* What to produce:
The material below holds pictures; leave them out and reproduce exactly the lines from the one with "备选筹码:魔法箭袋、标靶、手" through the one with "- 【HIGH QUALITY", inclusive.

* Entries supplied:
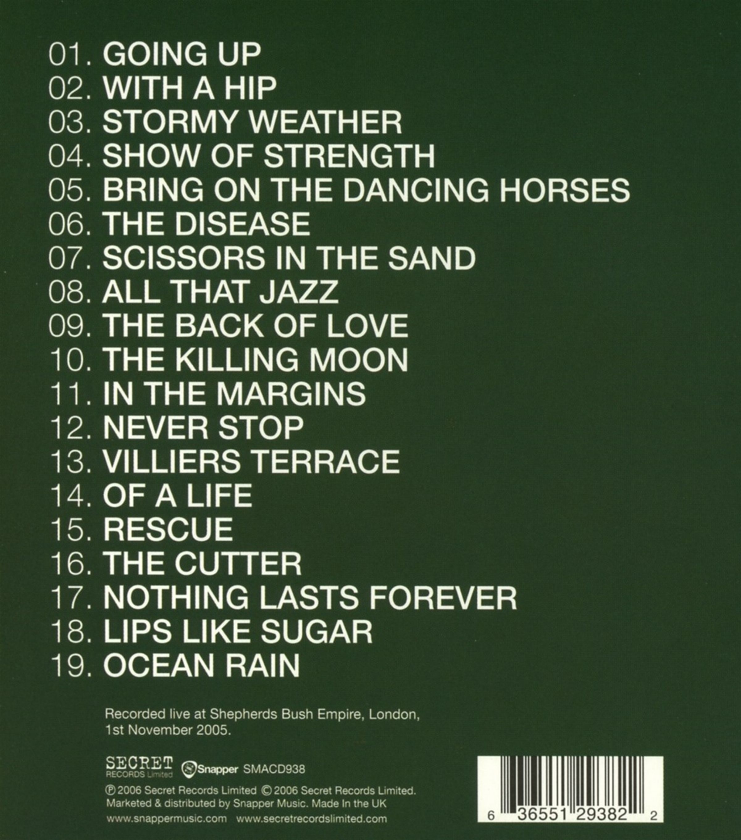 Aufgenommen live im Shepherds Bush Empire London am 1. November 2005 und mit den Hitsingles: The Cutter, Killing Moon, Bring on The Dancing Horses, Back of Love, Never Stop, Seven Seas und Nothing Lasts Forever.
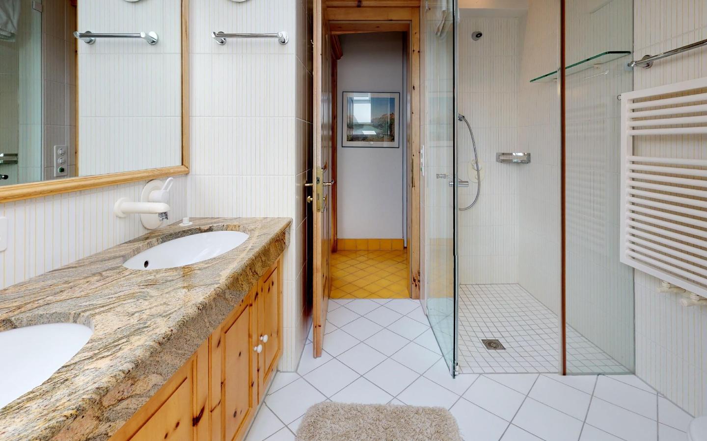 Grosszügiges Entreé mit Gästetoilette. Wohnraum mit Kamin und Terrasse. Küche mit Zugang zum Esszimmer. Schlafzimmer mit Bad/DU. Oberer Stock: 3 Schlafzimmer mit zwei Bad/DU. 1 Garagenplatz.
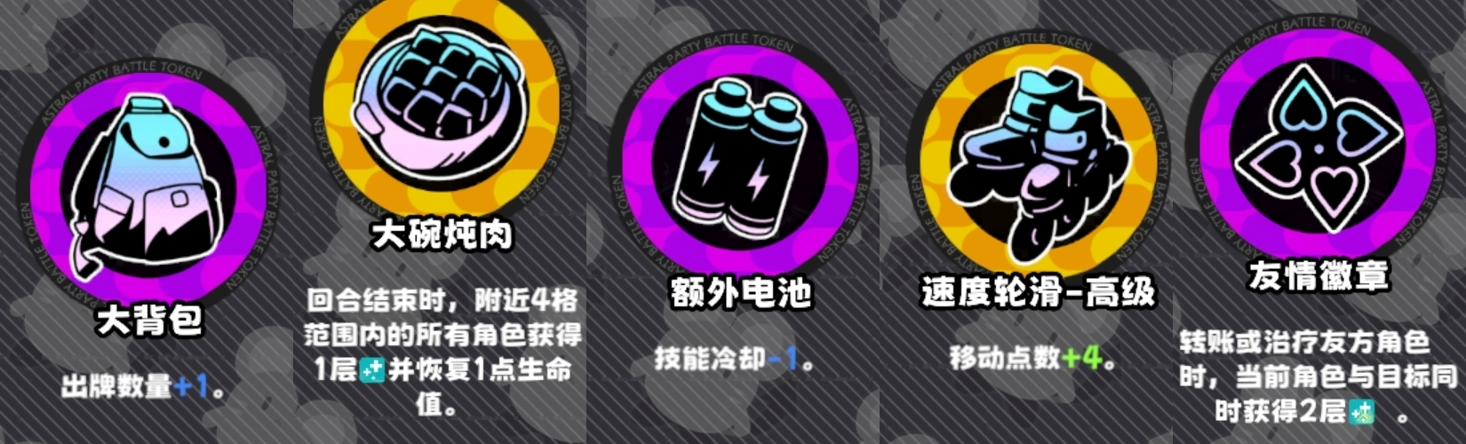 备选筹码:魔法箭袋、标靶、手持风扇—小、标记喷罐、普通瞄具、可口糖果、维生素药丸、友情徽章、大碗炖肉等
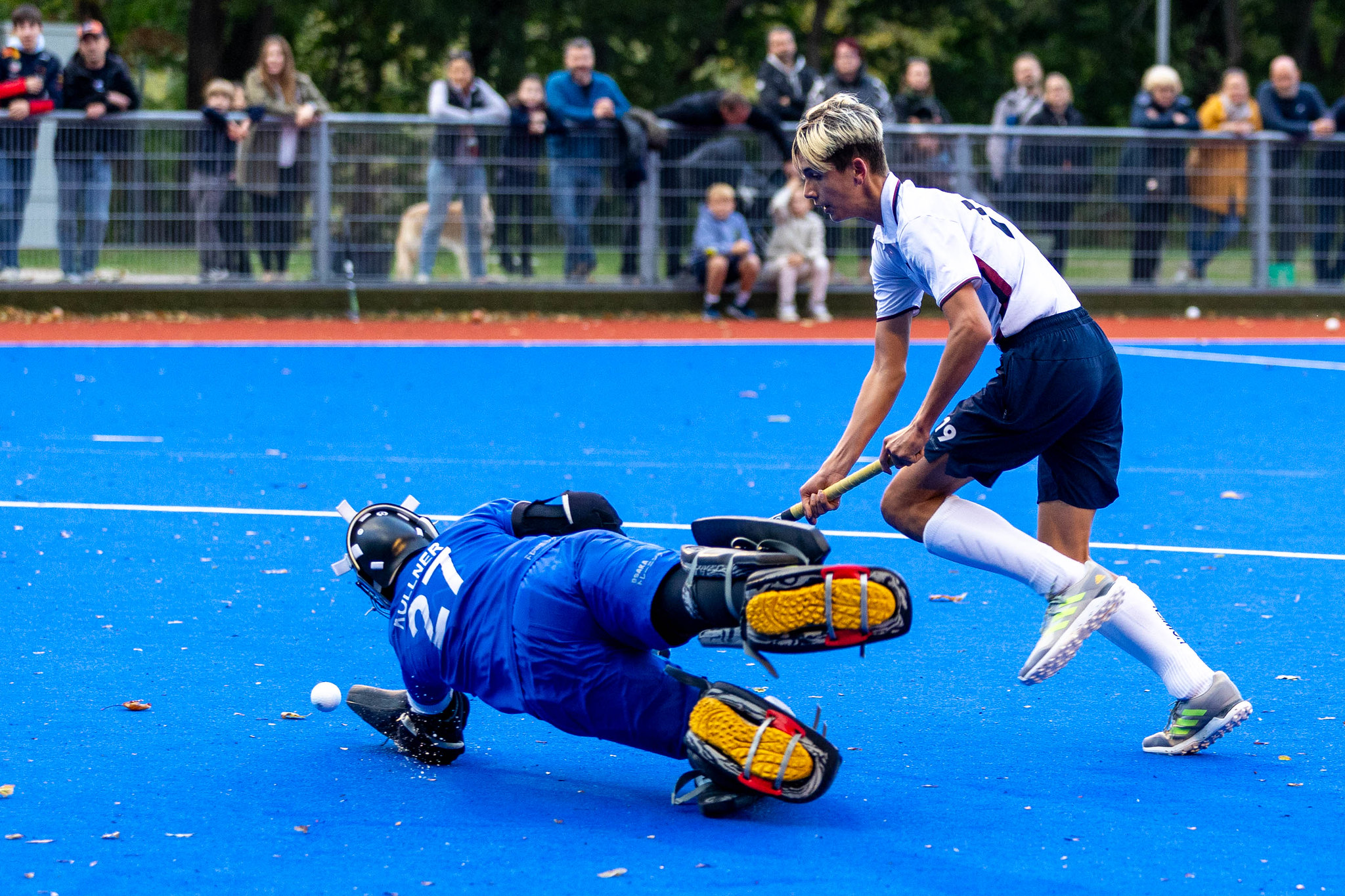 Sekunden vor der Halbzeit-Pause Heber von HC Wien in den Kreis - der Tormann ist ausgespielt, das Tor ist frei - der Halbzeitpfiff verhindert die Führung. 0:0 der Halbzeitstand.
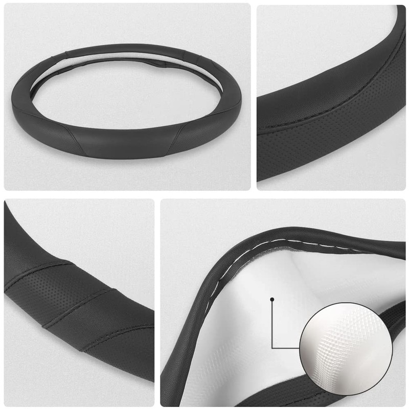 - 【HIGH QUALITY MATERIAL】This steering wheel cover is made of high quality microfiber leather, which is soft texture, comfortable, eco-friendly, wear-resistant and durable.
---
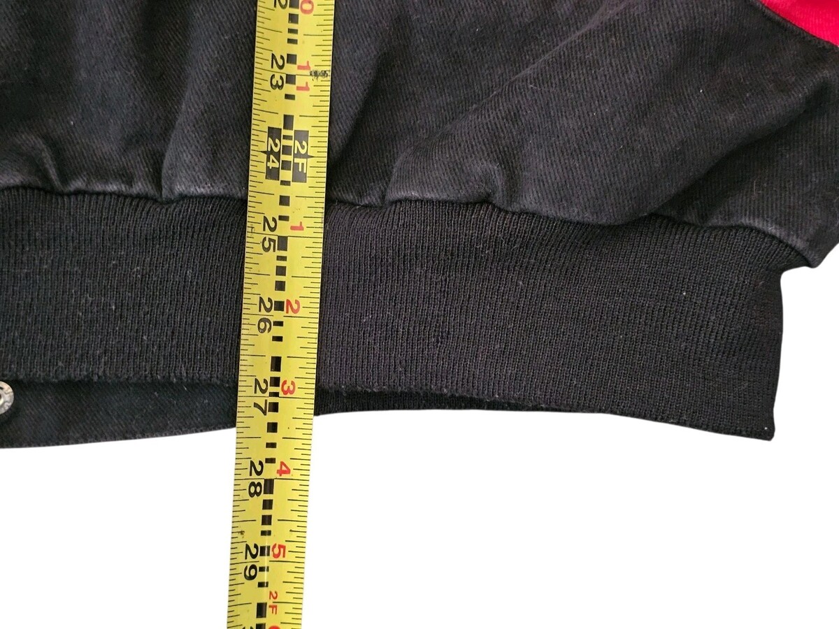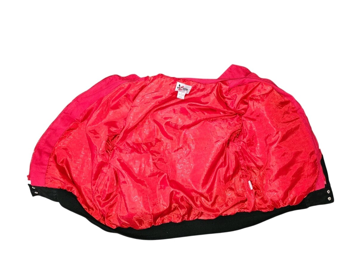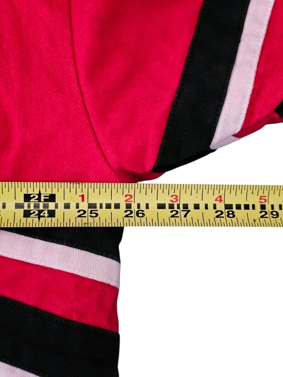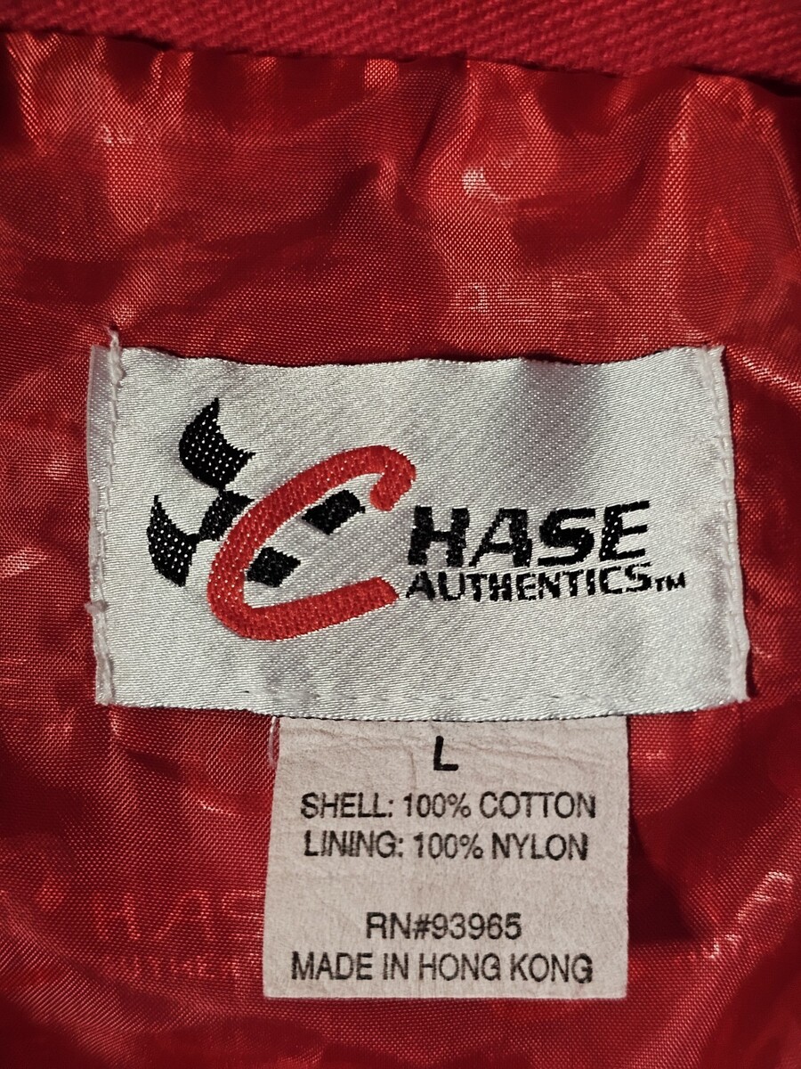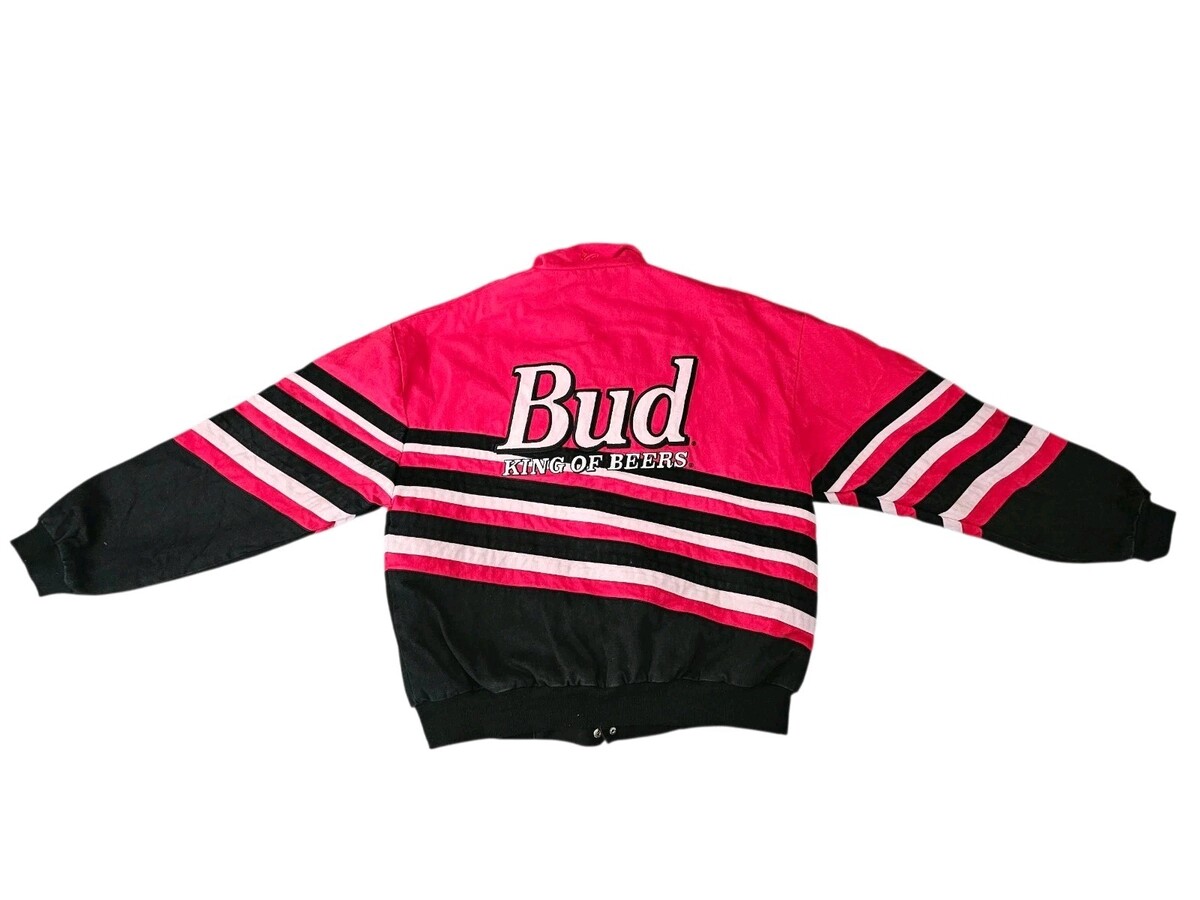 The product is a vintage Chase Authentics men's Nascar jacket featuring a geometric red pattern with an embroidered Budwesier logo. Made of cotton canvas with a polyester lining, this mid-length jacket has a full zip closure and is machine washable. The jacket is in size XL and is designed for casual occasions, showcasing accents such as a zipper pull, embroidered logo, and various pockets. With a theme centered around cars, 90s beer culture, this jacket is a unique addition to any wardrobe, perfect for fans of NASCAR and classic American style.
---
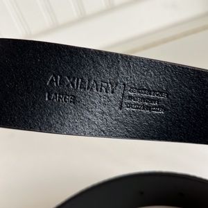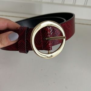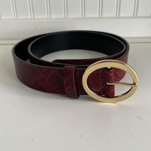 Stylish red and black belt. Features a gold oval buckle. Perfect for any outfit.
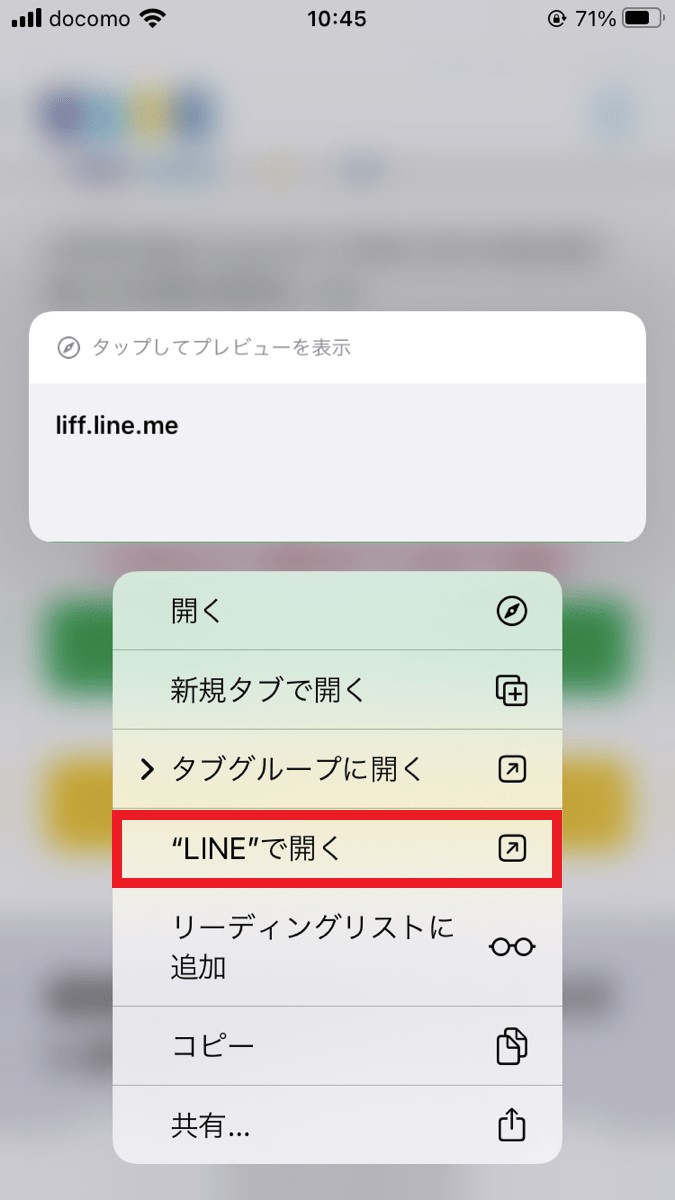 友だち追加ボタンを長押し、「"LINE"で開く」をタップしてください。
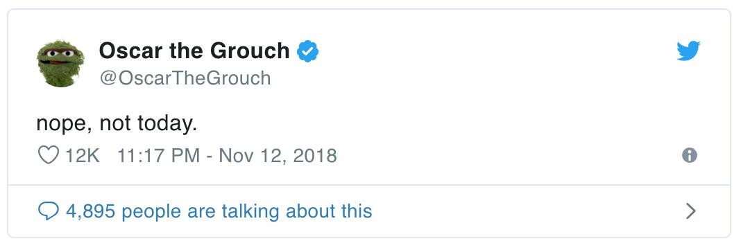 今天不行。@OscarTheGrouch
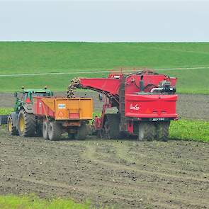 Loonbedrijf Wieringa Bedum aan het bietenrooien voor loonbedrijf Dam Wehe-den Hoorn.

* Expected output:
 备选筹码:魔法箭袋、标靶、手持风扇—小、标记喷罐、普通瞄具、可口糖果、维生素药丸、友情徽章、大碗炖肉等
 Sekunden vor der Halbzeit-Pause Heber von HC Wien in den Kreis - der Tormann ist ausgespielt, das Tor ist frei - der Halbzeitpfiff verhindert die Führung. 0:0 der Halbzeitstand.
 - 【HIGH QUALITY MATERIAL】This steering wheel cover is made of high quality microfiber leather, which is soft texture, comfortable, eco-friendly, wear-resistant and durable.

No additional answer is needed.